Clausuran un local en Candelaria por irregularidades administrativas y molestias vecinales
El Ayuntamiento de Candelaria ha clausurado un establecimiento hostelero en Las Caletillas tras acumular irregularidades administrativas, problemas de convivencia, ocupación indebida de la vía pública y una presunta vulneración de la normativa de protección de datos.
La clausura de un establecimiento hostelero en la calle Las Arenitas, en la zona de Las Caletillas, marca un punto de inflexión en la gestión de la convivencia ciudadana en Candelaria. Tal y como ha trascendido a través de los informes municipales, la intervención policial ejecutada el pasado 10 de julio responde a una escalada de irregularidades administrativas y desoídas advertencias que han culminado en el precinto total de la actividad.
El conflicto, que se ha prolongado durante semanas, tiene su origen en las quejas recurrentes de los residentes por la contaminación acústica y la ocupación indebida del espacio público. Según la documentación municipal, el local operaba como un establecimiento de ocio nocturno sin contar con la licencia preceptiva para dicha actividad, careciendo además de los estudios de insonorización obligatorios. A pesar de que el Ayuntamiento habilitó un periodo de audiencia para que la propiedad regularizara su situación, las propuestas presentadas fueron rechazadas por no ajustarse a la normativa vigente.
La situación se agravó ante la negativa de la titular a retirar el mobiliario de terraza que obstruía la vía pública, una medida que ya había sido requerida previamente por los agentes locales. Este desacato ha derivado en la remisión de diligencias a la autoridad judicial por un presunto delito de desobediencia.
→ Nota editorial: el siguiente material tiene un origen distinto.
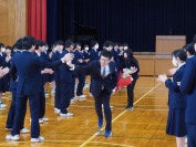 3名の職員が退職・転出となりました。下田中学校のためにご尽力いただいたことに感謝申し上げます。子どもたちに向けた心のこもったスピーチは感動的でした。最後はみんなで花道を作り、温かい雰囲気で送り出すことができました。新天地でのご活躍を祈念申し上げます。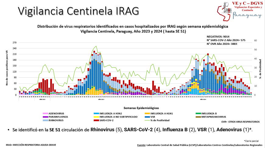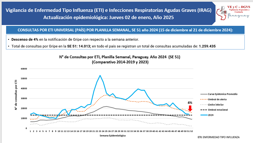 A nivel país se notificaron 14.013 consultas por gripe al cierre de la semana (SE) 51, evidenciando un leve descenso de 4% con relación a la semana anterior. Con esto, la curva de tendencia se sitúa por debajo del umbral de alerta.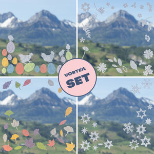 Mit diesem Vorteil-Set erhalten Sie für jede Jahreszeit die passende Fensterdekoration. Geckorieren.ch hat für Sie aus den beliebtesten GECKO IN THE BOX Sujets vier saisonbezogene Sets von Fenstersticker selektiert. Profitieren Sie gegenüber dem Einzelkauf von diesem vorteilhaftem Setpreis. Sie erhalten Ihr Vorteil-Set innert 1-3 Arbeitstagen versandkostenfrei geliefert.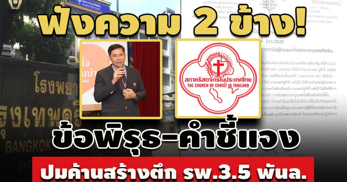 (อ่านประกอบ : ยื่นฟ้องศาลแรงงาน! ผอ.รพ. กรุงเทพคริสเตียนถูกสั่งปลด หลังค้านสร้างตึก 3,500 ล.,ชนวนปลดฟ้าผ่า ผอ.รพ. กรุงเทพคริสเตียน! ศาลฯ สั่งคุ้มครองชั่วคราวสร้างตึก 3.5 พันล.)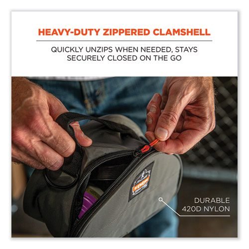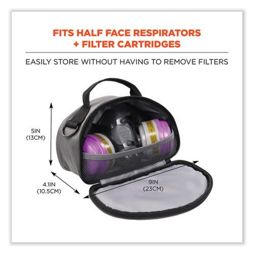 The Arsenal 5187 Half Face Respirator Bag is a step above your standard issue bag with a durable yet lightweight 420D nylon exterior and a 200D lining to protect expensive half face respirators. An easy-open zippered clamshell and belt loop make for quick, one-handed access on the go. A webbing belt loop allows the bag to securely thread through belts for on-the-hip storage. The loop can also be used to secure the bag to equipment. A carrying handle makes for easy grab-and-go transport. An elastic interior pocket securely stores respirator filters, cartridges and other small accessories. The external D-rings can be used to clip keys, glove clips or shoulder straps (not included). The clamshell bag is ideal for those working in industries such as construction, mining, oil and gas, agriculture, firefighting, painting and woodworking.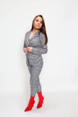 Atrakcyjna Europejka z czarnymi włosami i okularami pozująca w studio na odosobnionym tle. Styl, trendy, koncepcja mody.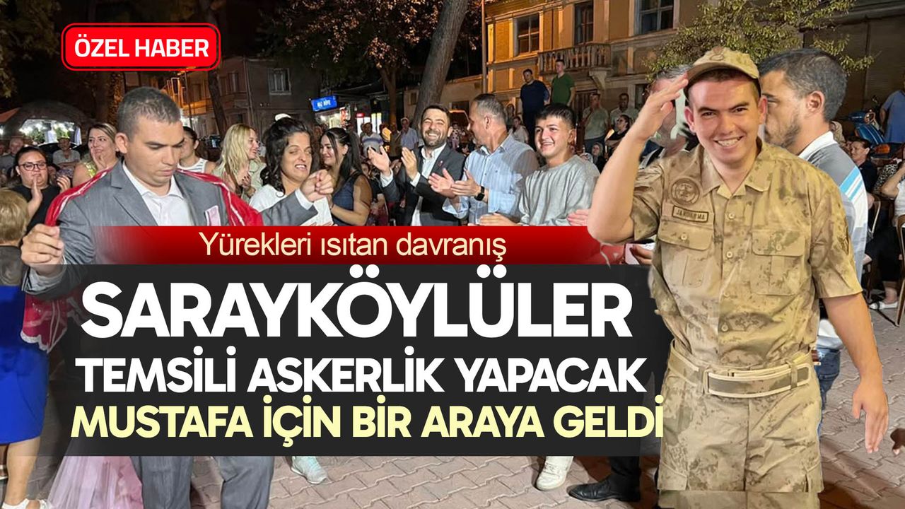 Mustafa Aykuş ile bir fotoğraf çektiren ve Mustafa’nin temsili askerlik görevi için asker eğlencesi düzenleneceği duyuran Başkan Konya, herkesin eğlenceye katılmasını istedi. Başkanın bu çağrı ile harekete geçen ilçe halkı, akşam saatlerinde Mustafa’nın evinin önünde buluştu. Zihinsel engelli Mustafa Aykuş’un evinin önünde düzenlenen asker eğlencesine ise İlçe Kaymakamı İsmail Pendik, Sarayköy Belediye Başkanı Mehmet Salih Konya ve çok sayıda vatandaş katıldı.
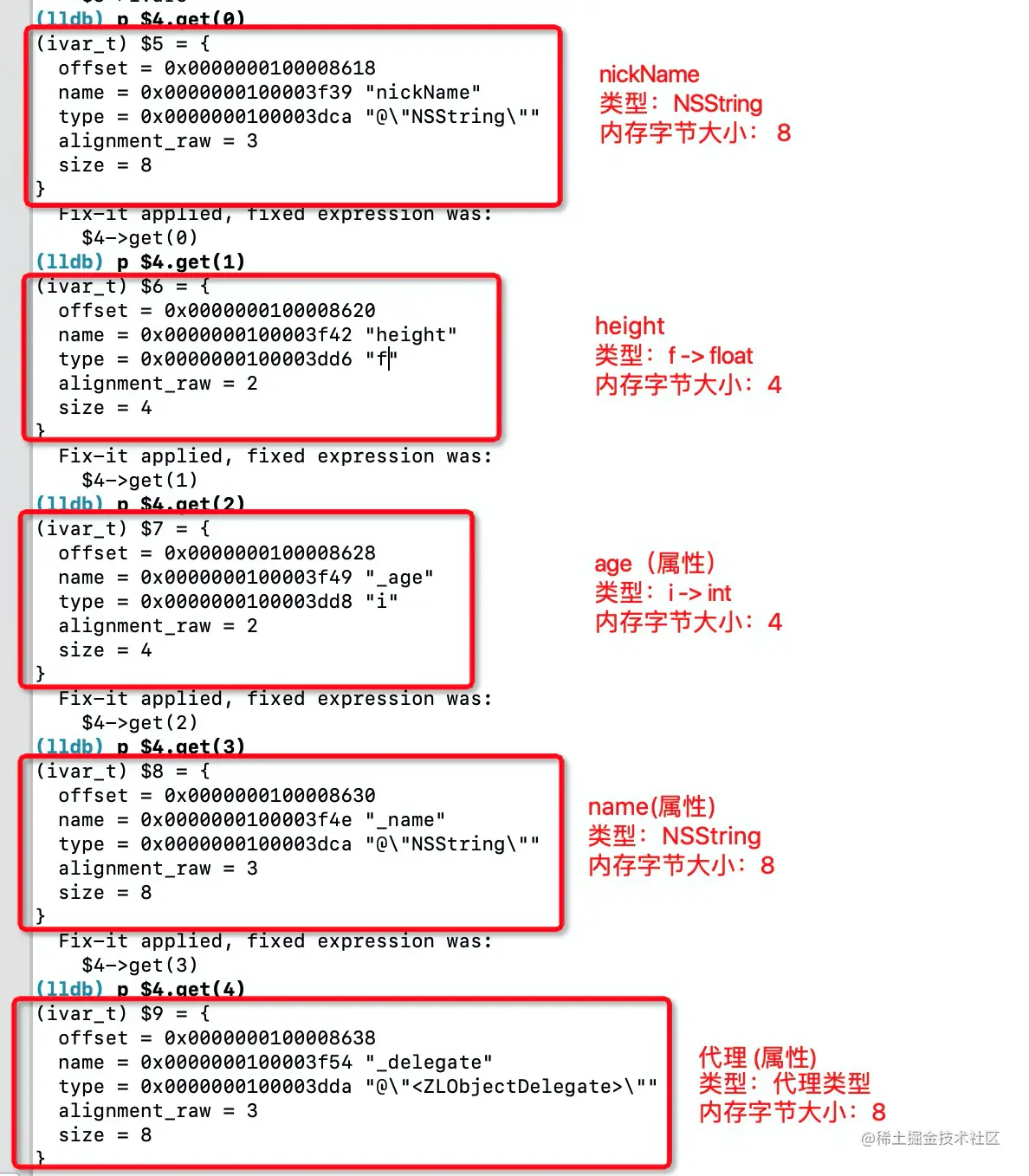 此时,ivars 都存在于 ivar_list_t 中,使用C++数组 get() 获取每个成员变量。

La resolución definitiva, dictada el 7 de julio, no solo ha supuesto el cese de la actividad y el decomiso de las mesas y sillas, sino que también ha puesto el foco en una posible vulneración de la privacidad.
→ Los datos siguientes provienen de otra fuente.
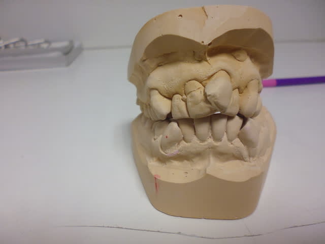 C'est un cas qui est encore à l'étude. Pour le moment la patiente est transportée de joie depuis qu'elle a vu le wax-up. Elle veut le mettre sur sa table de nuit pour pouvoir le contempler tout à son aise au cours de ses longues nuits solitaires. C'est une dame dépressive et vulnérable, toutes les réserves de prudence ont été dispensées et elle va avoir un long temps de réflexion, elle peut revenir sur sa décision à tout moment. Son mari avec lequel elle a un conflit important aura son mot à dire sur les finances (environ 3000 € au total, rien n'est remboursé hormis l'extraction). Elle est encouragée à prendre l'avis de ses proches. On lui a demandé de ne pas signer son devis ni de s'engager d'aucune manière dans les prochaines semaines.

Durante el operativo de cierre, las autoridades detectaron un sistema de videovigilancia que, presuntamente, captaba imágenes de la vía pública, contraviniendo los criterios de la Agencia Española de Protección de Datos (AEPD). La normativa es estricta al respecto: el uso de cámaras en locales comerciales debe restringirse al ámbito privado del negocio, permitiendo únicamente una captación mínima de los accesos cuando sea estrictamente necesario para la seguridad. El Ayuntamiento ha confirmado que trasladará este hallazgo al organismo regulador para que determine si existe una infracción de la Ley Orgánica de Protección de Datos.
Este caso ilustra la tensión habitual entre la actividad económica y el derecho al descanso, un equilibrio que las administraciones locales están obligadas a tutelar mediante la vigilancia del cumplimiento de las licencias de apertura y las ordenanzas de ocupación de suelo. Por el momento, el Consistorio no ha fijado un horizonte temporal para la posible reapertura del local, supeditando cualquier actividad futura a la subsanación integral de las deficiencias detectadas y al restablecimiento de la legalidad urbanística y administrativa.